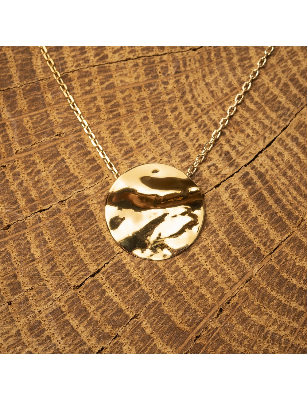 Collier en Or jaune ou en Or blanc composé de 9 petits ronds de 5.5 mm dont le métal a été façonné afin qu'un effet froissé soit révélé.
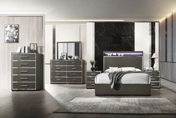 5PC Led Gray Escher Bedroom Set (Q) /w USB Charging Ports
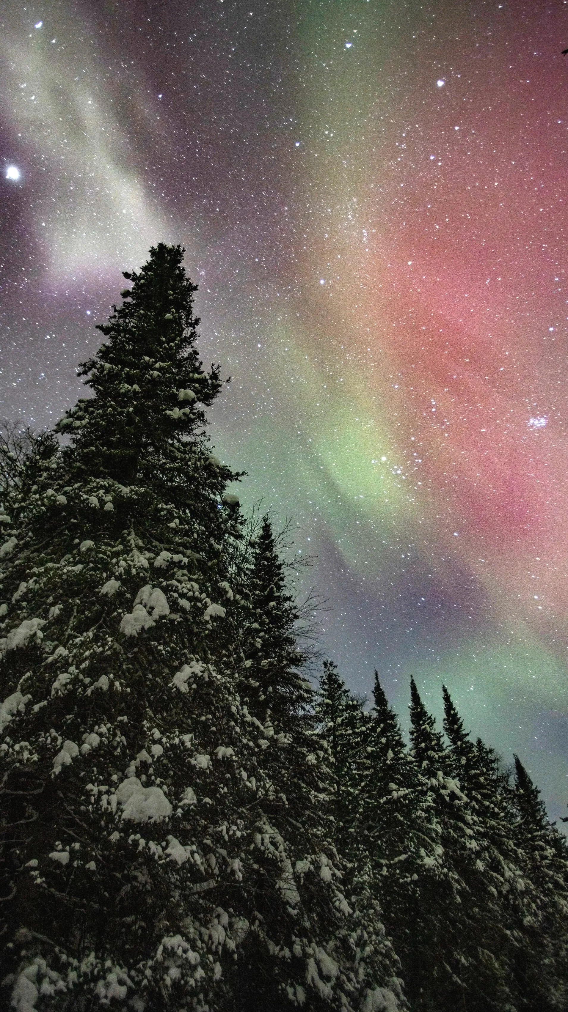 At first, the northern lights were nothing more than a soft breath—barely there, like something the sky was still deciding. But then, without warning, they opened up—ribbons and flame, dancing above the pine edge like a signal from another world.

──────────────────────────────

What you are asked to do >>
Drop the pictures and set down the data above exactly.

Your response >>
 Collier en Or jaune ou en Or blanc composé de 9 petits ronds de 5.5 mm dont le métal a été façonné afin qu'un effet froissé soit révélé.
 5PC Led Gray Escher Bedroom Set (Q) /w USB Charging Ports
 At first, the northern lights were nothing more than a soft breath—barely there, like something the sky was still deciding. But then, without warning, they opened up—ribbons and flame, dancing above the pine edge like a signal from another world.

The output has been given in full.